WHAT YOU ARE ASKED TO DO - Copy the entries below word for word, minus the pictures.

INPUT MATERIAL -
────────────────────────────────────────

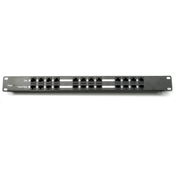 Panel integrující 12 pasivních POE injektorů vhodný pro napájení až dvanácti zařízení.
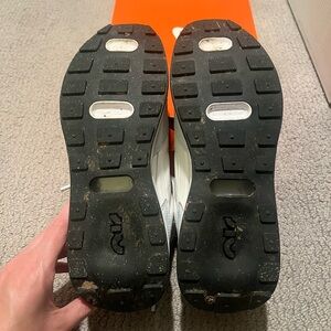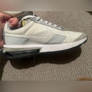 Stylish Nike Air Max Pre Day unisex sneakers shoes. Features a sleek white and gray design with gold accents. Unisex sneaker, Men’s size 6.5/fits women’s Size 8. Only worn a few times, good condition.
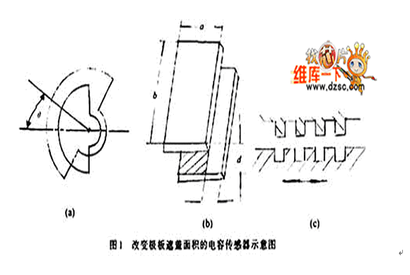 圖1是3種這類傳感器的原理圖,圖1(a)中是利用角位移來改變電容器極板遮蓋面積。假定當2塊極板完全遮蓋時的面積為S0,兩極板間的距離為d,極板間介質的介電常數為ε。當忽略邊緣效應時,該電容器的電容量為:
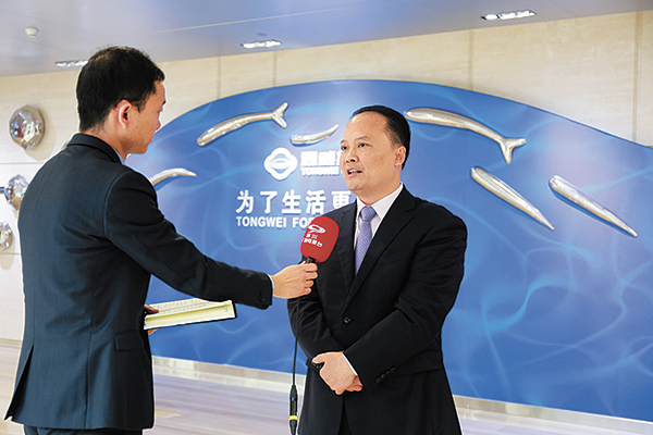 劉漢元主席接受四川電視臺專訪本報訊(記者 唐勝)2月10日上午,四川日報、四川電視臺、華西都市報、成都商報、每日經濟新聞、四川經濟日報、企業家日報等10余家省內主流媒體聚焦通威,就企業家精神、創新創業、宏觀經濟、霧霾問題、新能源產業發展、稅費改革、“漁光一體”、“互聯網+”等諸多話題與十一屆全國政協常委、通威集團董事局劉漢元主席深入交流與互動。
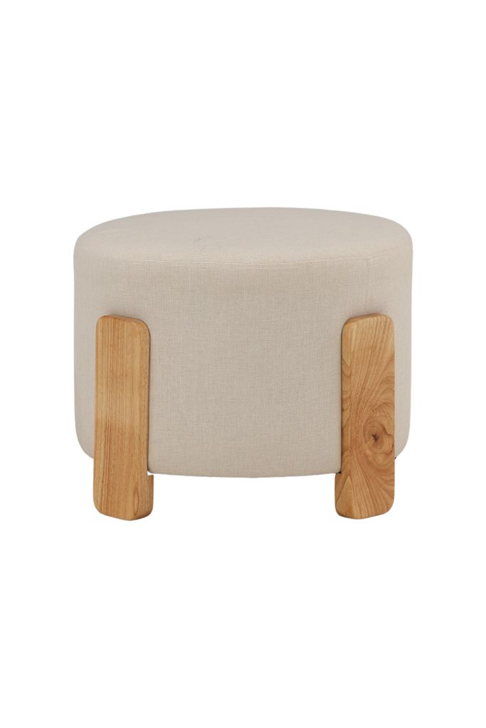 Stilsäker sittpuff i varmvitt linne och polyestertyg med ljus trästomme, perfekt för fötter eller extra sittplats.
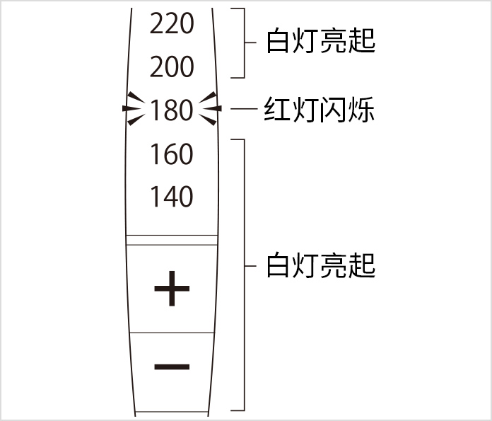 温度指示灯和“+”、“-”指示灯亮白灯,设定温度※指示灯为红灯闪烁。
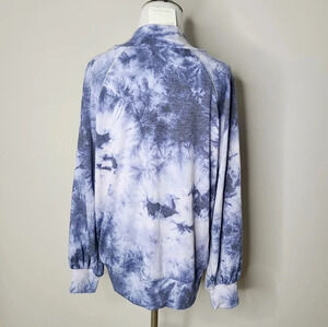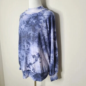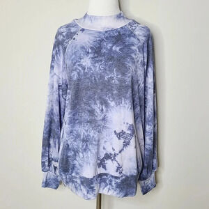 New with Tag Elan Blue Tie Dye Mock Neck Sweatshirt. Features raglan sleeves with a slight balloon sleeve. Pairs well with jeans! Size and Material Tag missing. Please see measurements.

────────────────────────────────────────

ANSWER FOR THE TASK -
 Panel integrující 12 pasivních POE injektorů vhodný pro napájení až dvanácti zařízení.
 Stylish Nike Air Max Pre Day unisex sneakers shoes. Features a sleek white and gray design with gold accents. Unisex sneaker, Men’s size 6.5/fits women’s Size 8. Only worn a few times, good condition.
 圖1是3種這類傳感器的原理圖,圖1(a)中是利用角位移來改變電容器極板遮蓋面積。假定當2塊極板完全遮蓋時的面積為S0,兩極板間的距離為d,極板間介質的介電常數為ε。當忽略邊緣效應時,該電容器的電容量為:
 劉漢元主席接受四川電視臺專訪本報訊(記者 唐勝)2月10日上午,四川日報、四川電視臺、華西都市報、成都商報、每日經濟新聞、四川經濟日報、企業家日報等10余家省內主流媒體聚焦通威,就企業家精神、創新創業、宏觀經濟、霧霾問題、新能源產業發展、稅費改革、“漁光一體”、“互聯網+”等諸多話題與十一屆全國政協常委、通威集團董事局劉漢元主席深入交流與互動。
 Stilsäker sittpuff i varmvitt linne och polyestertyg med ljus trästomme, perfekt för fötter eller extra sittplats.
 温度指示灯和“+”、“-”指示灯亮白灯,设定温度※指示灯为红灯闪烁。
 New with Tag Elan Blue Tie Dye Mock Neck Sweatshirt. Features raglan sleeves with a slight balloon sleeve. Pairs well with jeans! Size and Material Tag missing. Please see measurements.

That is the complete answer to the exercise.